In this project you will go from ordinary documents to powerful charts. This tutorial shows how to build a RAG system in real time using the facilities of the knowledge chart. You will work in a notebook (like Colab), configure Neo4J Instance in the cloud and create nodes and edges to represent your data. Then using LangchainYou will connect your LLM chart to generate and download, allowing you to ask for contextual relationships and visualize the results. It’s a great way to learn the logic of the chart, Cypher Query and method of merging structured knowledge of the chart from Clever Ai Answers. I also wrote a thorough guide on this subject, Building a rag system: step by step approachWhere I break down, how to create a Graphr configuration from scratch. Check it out if you prefer tutorials based on the article.

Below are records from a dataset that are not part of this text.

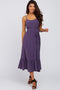 A floral print mid dress featuring a smocked bodice, short puff sleeves, and a squared neckline with ruffle accents.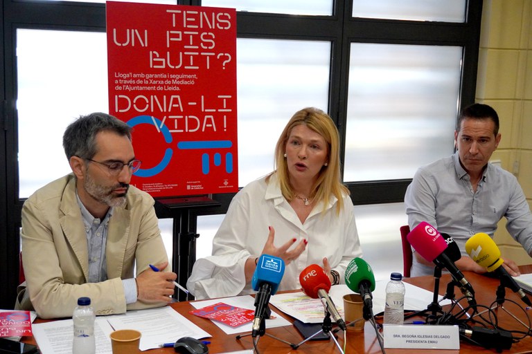 L’Empresa Municipal d’Agenda Urbana (EMAU) inicia una campanya per a promoure la cessió d’habitatges de particulars a la Xarxa de Mediació per al lloguer social, han explicat avui en roda de premsa la primera tinenta d’alcalde i presidenta de l’EMAU, Begoña Iglesias, el gerent de l'EMAU, Samuel de la Fuente, i David Freixa, cap del Servei Territorial d’Habitatge de la Generalitat a Lleida.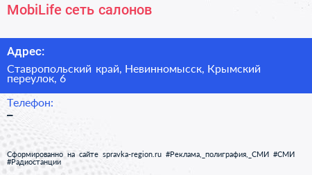 MobiLife, сеть салонов по адресу Ставропольский край, Невинномысск, Крымский переулок, 6 в дальнейшем Организация, размещена в следующих категориях: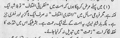 I (Maualan Yusuf Ludhiyanvi RA) had mentioned at the offset that the ‘ideological differences’ (Nazaryaati Ikhtilaaf) of the Ummat is without doubt a Fitnah. But, ‘Ijtihaadi Ikhtilaaf’ (the difference regarding interpretations of legal points), is not only inevitable and natural, in fact, it is a source of mercy for this Ummat. This will be so on this condition that no intensity is attached to it, thereby making it a source of trouble.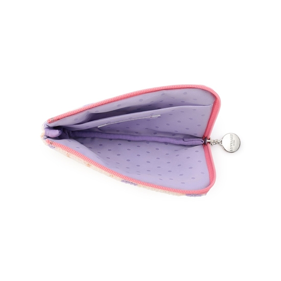 リボンをつけて、おめかししたネコたちを描いた『モフモフネコチャン』のL字ポーチ。間口が大きく開くため中身を出し入れしやすく、小ぶりなサイズで持ち運びにも便利です。内部はかわいいドット柄の生地を採用し、オープンポケットも施しました。小銭やカード、イヤホン、リップ、常備薬などの収納にぴったりな一品です。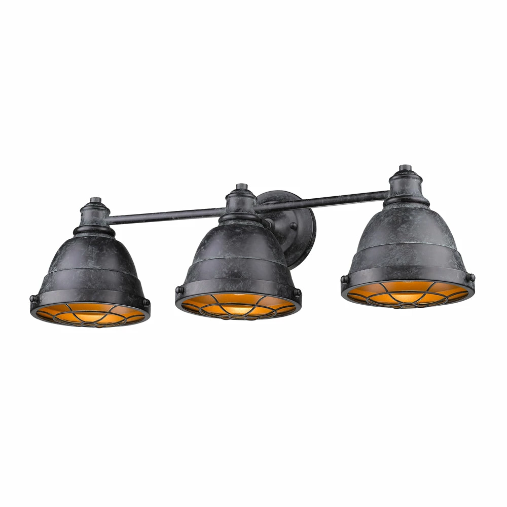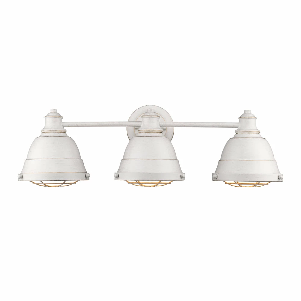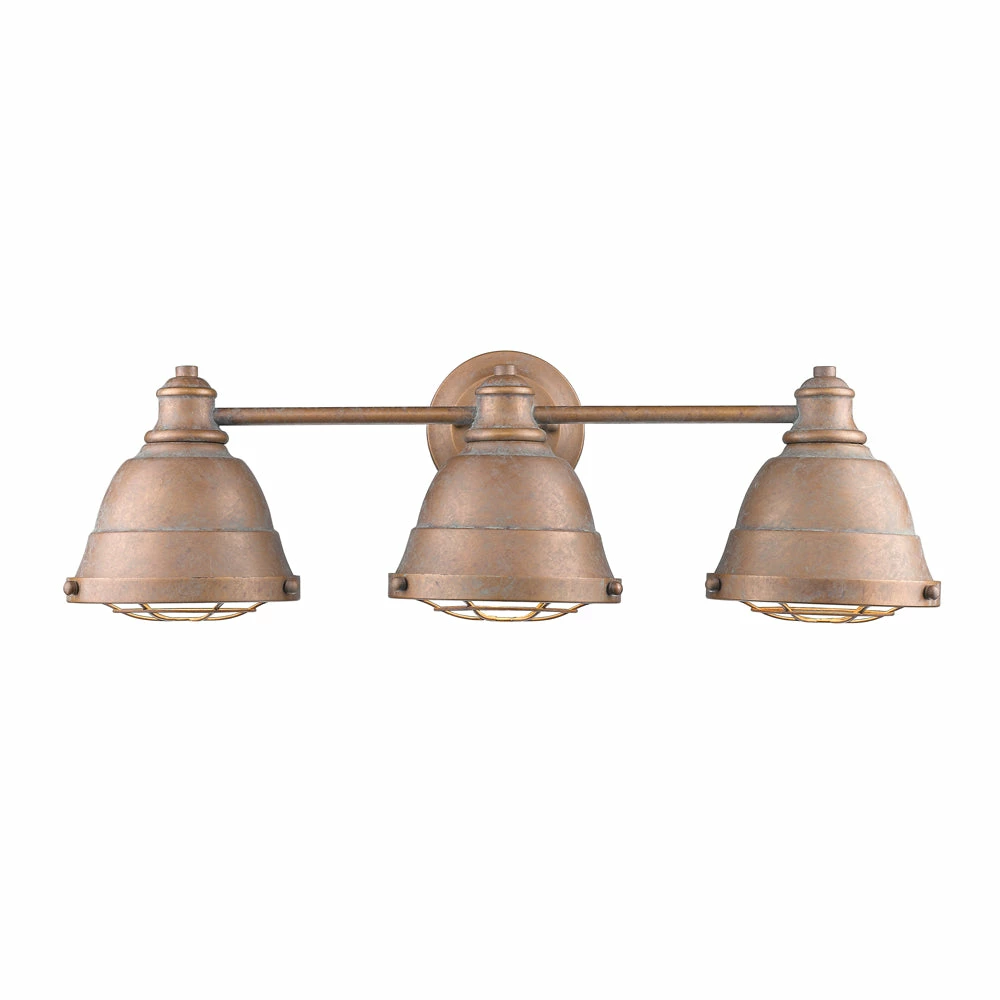 The Bartlett collection features industrial, vintage-inspired fixtures with simple, traditional silhouettes that are a nod to a bygone era. The collection features authentic details like caged diffusers and exposed hardware. Available in a selection of rustic finishes. This 3-light bath vanity is UL approved damp locations.
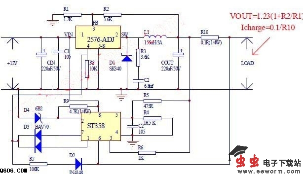 用2576+358+稳压管的方案电路原理图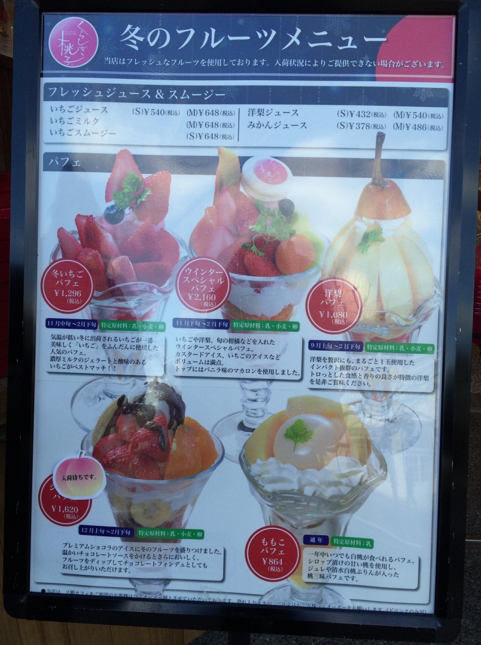 倉敷に行ったら絶対に行こうとチェックしていたお店です。美観地区にあり観光の休憩に、そしてお土産を購入しました。パフェはちょっと値段は高いですが、フレッシュなフルーツを使っていてとてもおいしかったです。ボリュームもかなりあります。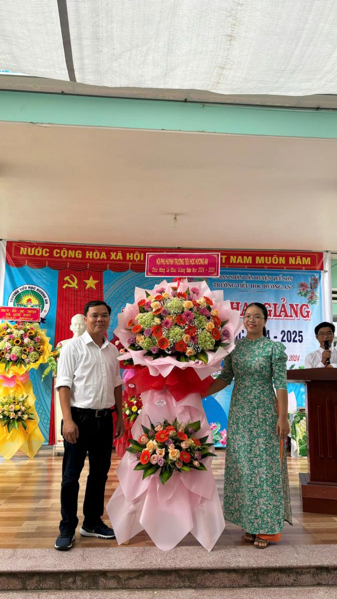 Cô Đồng Thị Huệ - Bí thư chi bộ Hiẹu trưởng Nhà trường nhận hoa từ Đảng ủy- HĐND- UBND Thị trấn Hương An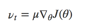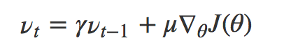 为了克服SGD振荡比较严重的问题,Momentum将物理中的动量概念引入到SGD当中,通过积累之前的动量来替代梯度。即: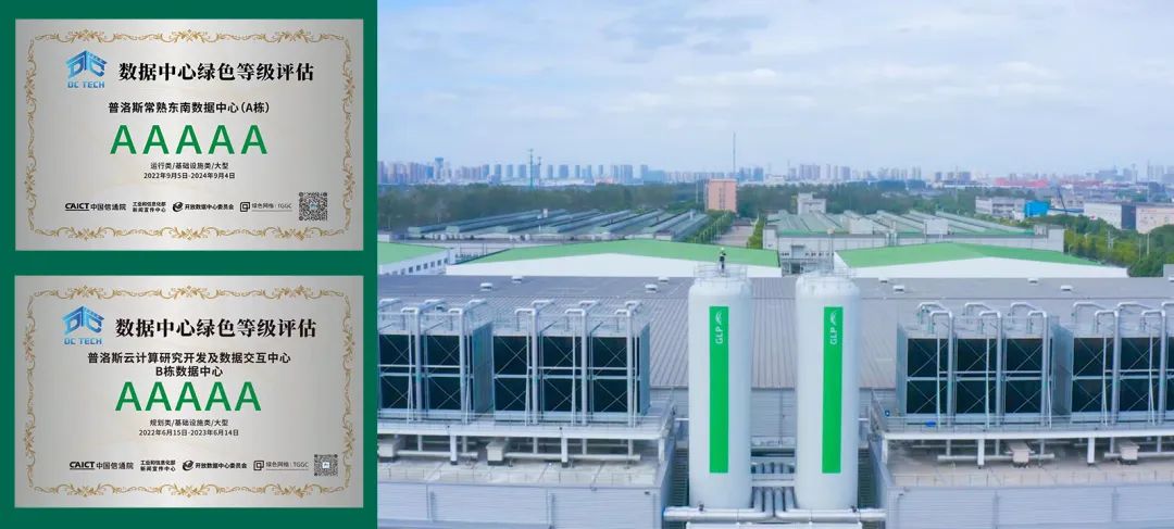 普洛斯数据中心已取得多项“数据中心绿色等级评估”体系内最高等级的5A级认证,其中普洛斯常熟东南数据中心荣获“数据中心绿色等级评估”5A级规划类认证及5A级运营类认证,摘得双5A认证。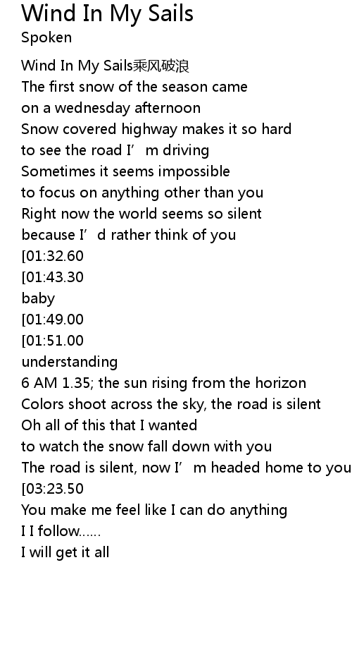 | [00:57.30][01:43.30][01:54.50][03:07.60][03:19.00] | You are the wind in my sail, baby |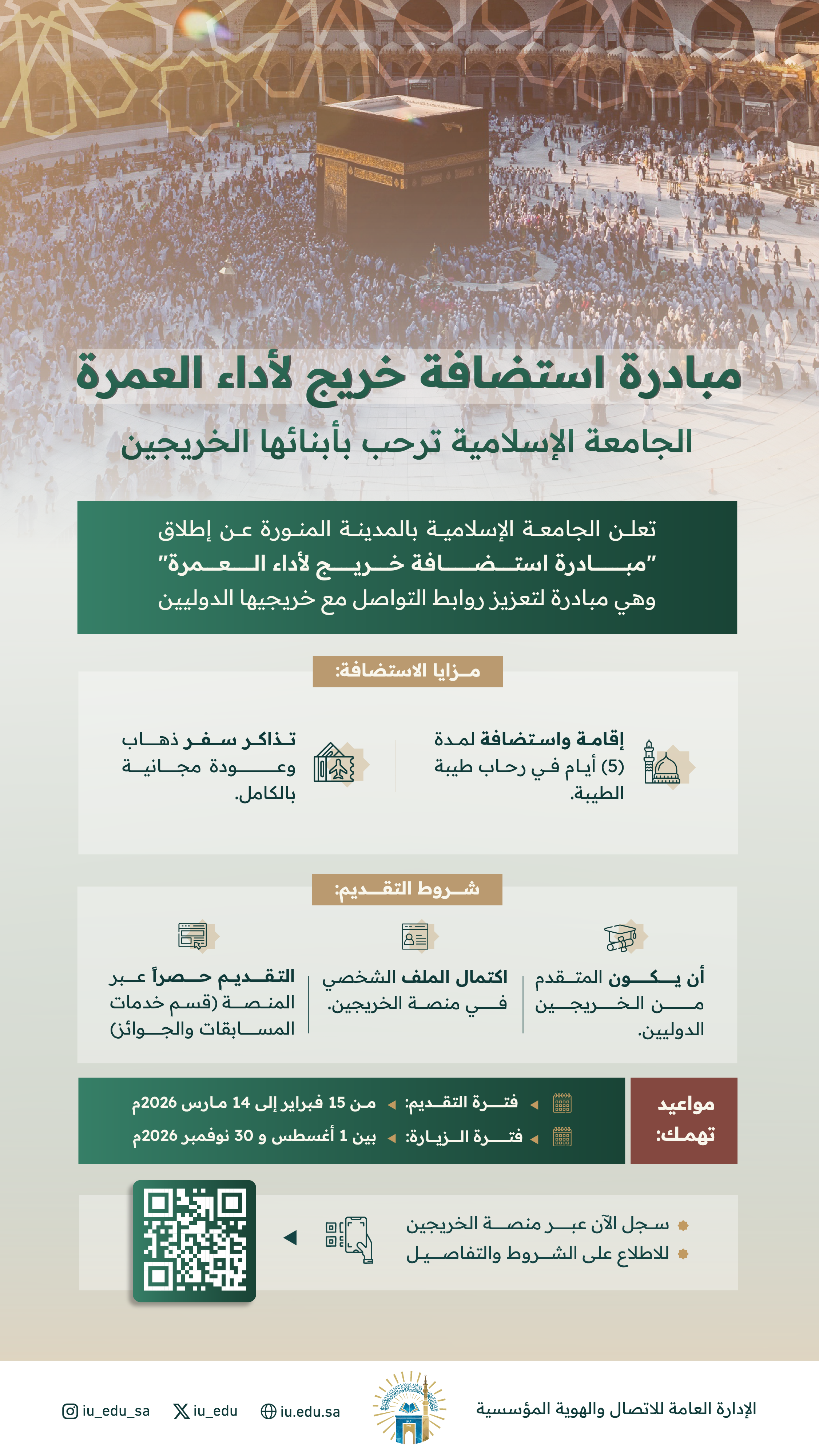 تعلن الجامعة الإسلامية عن إطلاق مبادرة استضافة خريج لأداء العمرة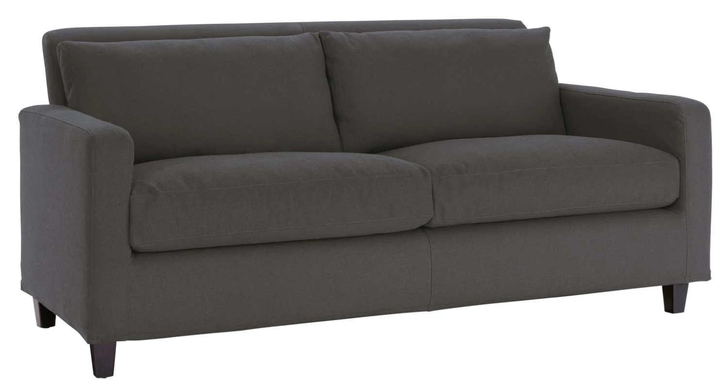 Lounge in style with this Italian made Chester charcoal 2 seater sofa, which features a slim profile and a feather and fibre seat cushions, for a classic and timeless look. Designed by Matthew Hilton for Habitat, the sofa is fully upholstered in a removable, durable fabric with dark stained feet. Part of the Habitat bestselling classic Chester sofa range, available in leather and fabric options, in various sizes and colours and with oak stained or dark stained feet.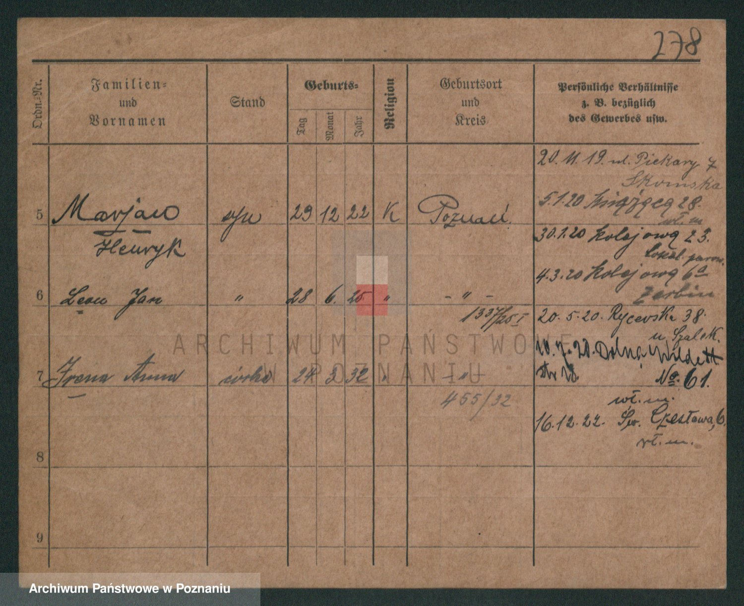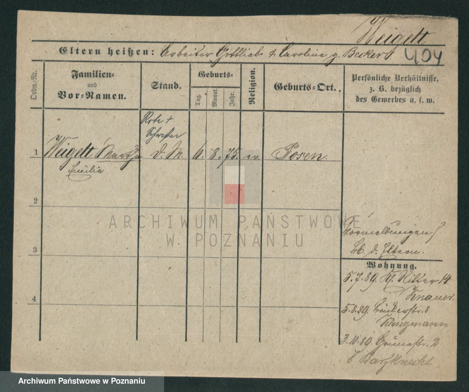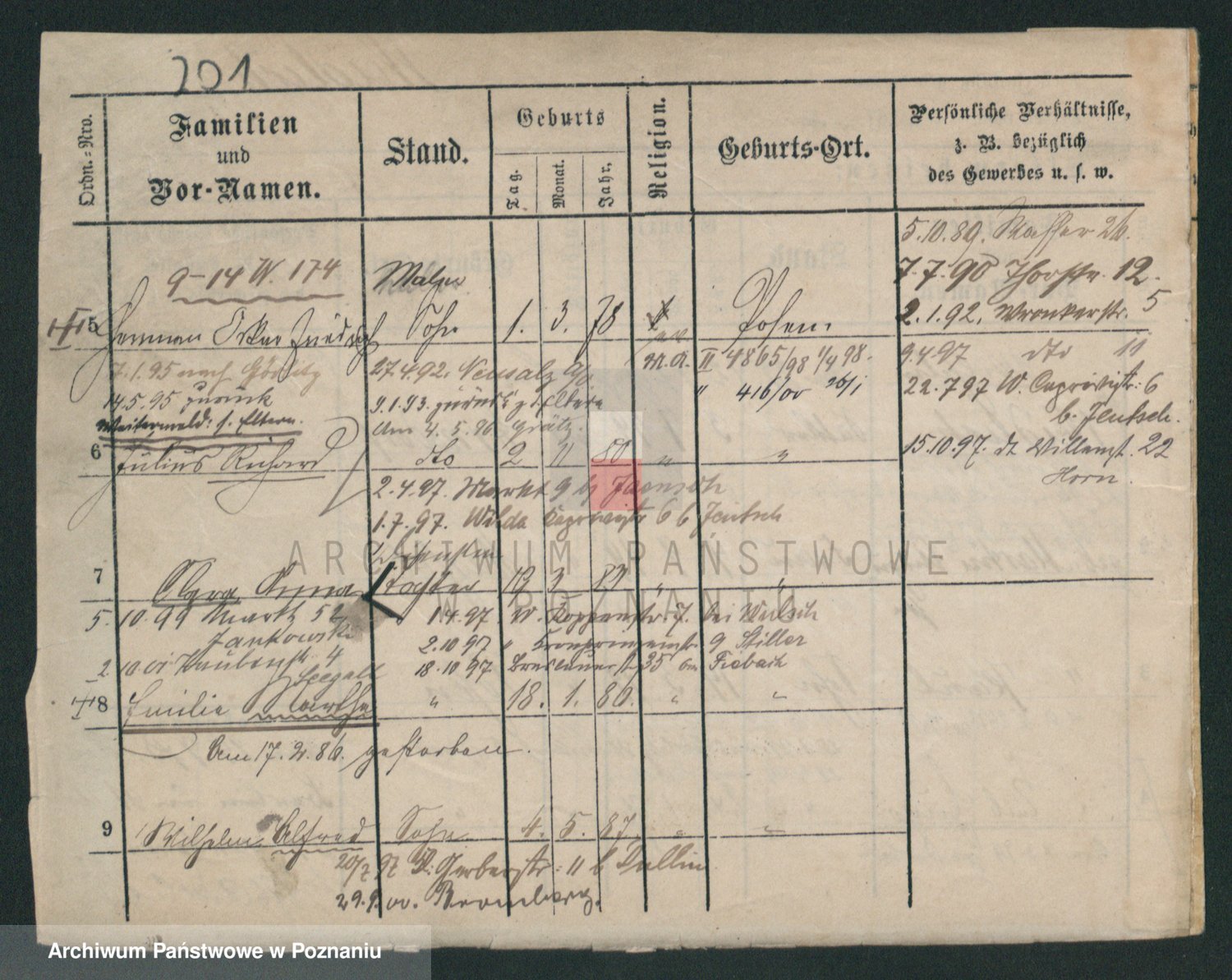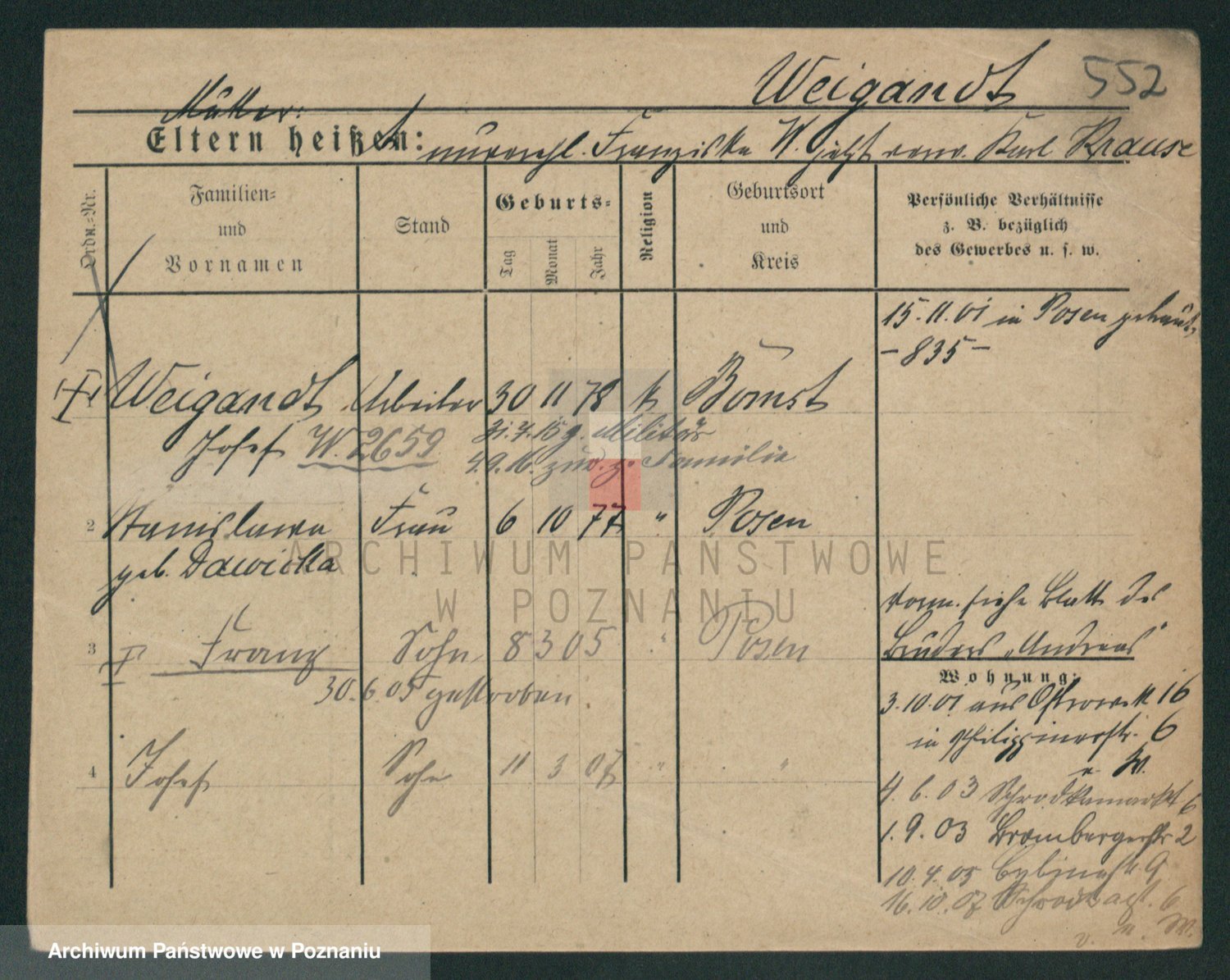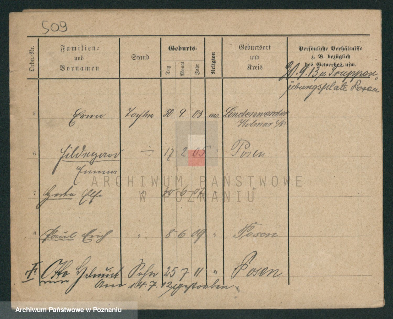 Durch Anklicken eines Namens oder Kartensymbols gelangen Sie zum Vorschau einer Personalkarte. Sie können die Ansicht vergrößern (Symbole am oberen Rand) oder zwischen den Scans wechseln (Pfeile an den Seiten).

# 5. Implementation of an agent rag with the Llam index
To combine: https://youtube.com/playlist?list=PLU7AW4OZXRJADVRIADBAMASWFALA0&feature=shared

In earlier projects we focused on downloading and generating, but here the goal is to make RAG “Agentic” by giving her reasoning of loops and tools so that it can solve problems in many steps. This list of playback of Prince Kramph is divided into 4 stages:
- Router query engine: Configure Lama-Index To direct questions to the right source, such as the VS. Vector Index. Summary index
- Connection of functions: Add tools such as API calculators or interfaces so that the rag can download live data or perform tasks in flight
- Multi -stage reasoning: Break up complicated queries into smaller subfamily (“Summary first and then analyze”)
- Over many documents: Scale your reasoning in several documents simultaneously with agents serving power
# Wrapping
And here you have: 5 -friendly RAG projects that go beyond the usual configuration of “vector text search”. My advice? Do not strive for perfection during the first attempt. Choose one project, herring and let yourself experiment. The more designs you study, the easier it will be to mix and match ideas to your own custom RAG applications. Remember that real fun begins when you stop simply “recovering” and start “thinking” about how your artificial intelligence can reason, adapt and interact in a smarter way.
Canwal Mehreen He is a machine learning engineer and a technical writer with a deep passion for data learning and AI intersection with medicine. He is the co -author of the ebook “maximizing performance from chatgpt”. As a Google 2022 generation scholar for APAC, it tells diversity and academic perfection. It is also recognized as a variety of terradate at Tech Scholar, Mitacs Globalink Research Scholar and Harvard Wecode Scholar. Kanwalwal is a warm supporter of changes, after establishing FemCodes to strengthen women in the STEM fields.